— Значит, мечешься из угла в угол.
— Неправда!
— Места себе не находишь. Каждую минуту принимаешь новое решение, бросаешься из одной крайности в другую.
— Ничего подобного!
— Иной раз ведешь себя так, что это уже переходит все границы.
— С чего ты взяла? Приставила кого-то шпионить за мной?
— И шпионить незачем: достаточно прочесть твои сумбурные письма.
— Такая уж я есть, Гиза. Мне далеко до тебя с твоим самообладанием, с твоей целеустремленностью. Я и в двадцать лет так же бросалась из одной крайности в другую.
— Тебе уже не двадцать лет, Эржи. Пора бы поостыть.
— Ты это к чему?
— Так, к слову пришлось.
— В твоем замечании была какая-то колкость.
— О чем ты, какая колкость?
— Вот это мне и хотелось бы знать.
— Ну ладно. Будь добра, ответь мне откровенно: ты влюблена, что ли, в этого шута горохового?
— Я протестую!
— Против чего же?
— Непозволительно в таком тоне говорить о певце с мировой известностью.
— Не придирайся к моему тону. Отвечай: да или нет?
— Нет!
— К сожалению, в это трудно поверить.
— Ты знаешь, что я не привыкла врать.
— Я в этом не убеждена.
— А ты хоть раз поймала меня на вранье?
— Лучше оставим сейчас эту тему.
— Напротив, уж лучше все выяснить. Так вот: торжественно тебе заявляю, что я не влюблена в Чермлени. Он мне неприятен и даже более того — противен. Все в нем мне чуждо: его жадность, эгоизм, аморальность. Это какой-то дикий зверь.
— Прежде, когда я называла его чудовищем, ты обижалась.
— Чудовище и дикий зверь — это не одно и то же.
— Неужели есть разница?
— Да, есть.
— Ладно, не будем спорить на этот счет. Скажи, если ты разочаровалась даже в лучшей своей подруге и желаешь избавиться от этого Чермлени, то почему бы тебе не сделать так, как я прошу?

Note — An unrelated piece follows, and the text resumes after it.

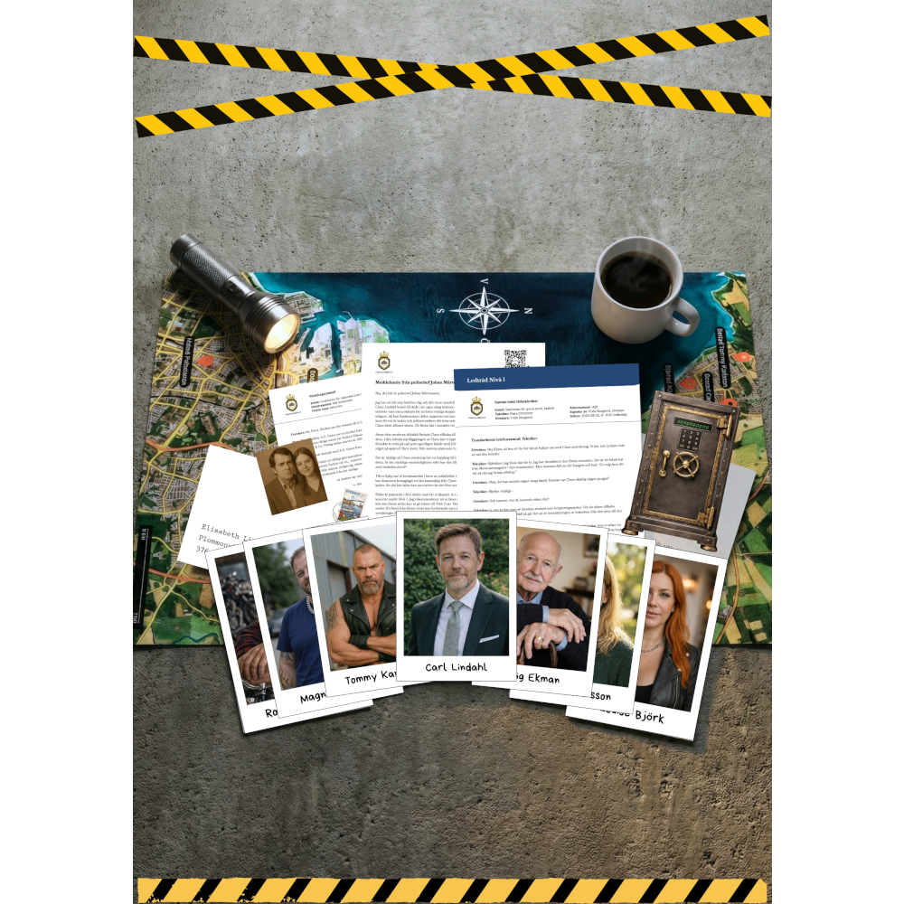 Innehåller: Karta, bevismaterial från brottsplats, förhörsprotokoll, obduktionsrapport, gåtor på varje nivå, ledtrådar, foton och mycket mer.

— Потому что меня многое держит здесь.
— Что тебя там держит?
— Тысячи разных нитей.
— Паула не в счет, Виктор тоже. Разве что Мышка и дочь, но и это очень слабые нити.

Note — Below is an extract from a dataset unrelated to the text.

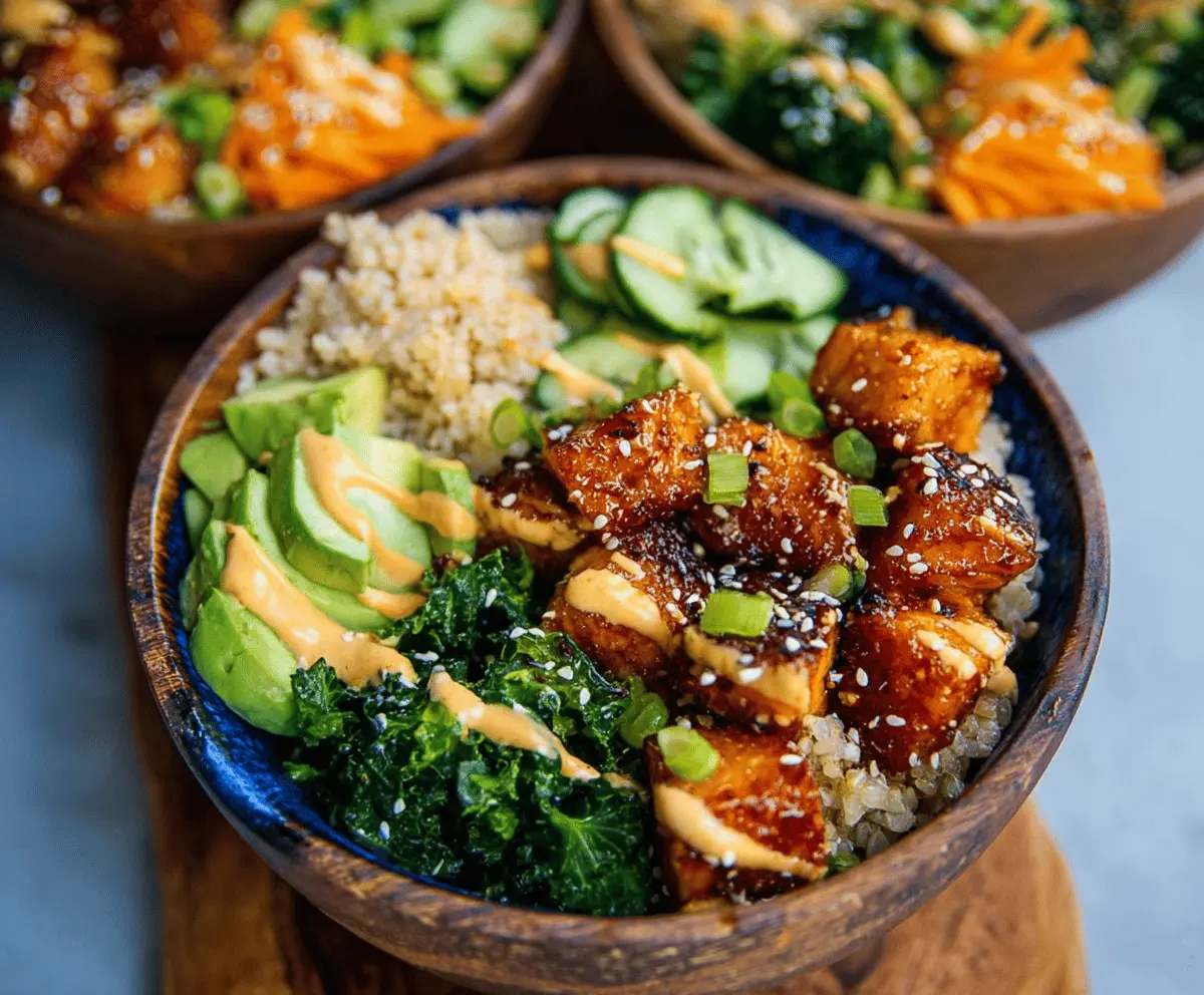 In a small bowl, whisk together the mayonnaise, Sriracha, honey (or sugar), and lime juice until smooth and creamy. This sauce adds the perfect kick to your bowls!

— Каждая по одиночке, может, и слабая ниточка, а вместе держат прочно.
— Значит, все-таки я права.
— В чем, родная?
— Да в том, дорогая моя, что ты до беспамятства влюблена в своего Виктора Чермлени, а эта твоя подруга, в которой ты души не чаяла, вскружила ему голову. Все тебя бросили, и ты в отчаянии.
— Бредовые фантазии, я даже отвечать на них не стану! Если хочешь знать, то Виктор за милую душу в прошлый четверг у меня ужинал, вот за этим самым столом, где я сейчас сижу…
— Что было на ужин?
— Все традиционные блюда, а к десерту хворост.
— Ну и что же, он его съел, твой хворост?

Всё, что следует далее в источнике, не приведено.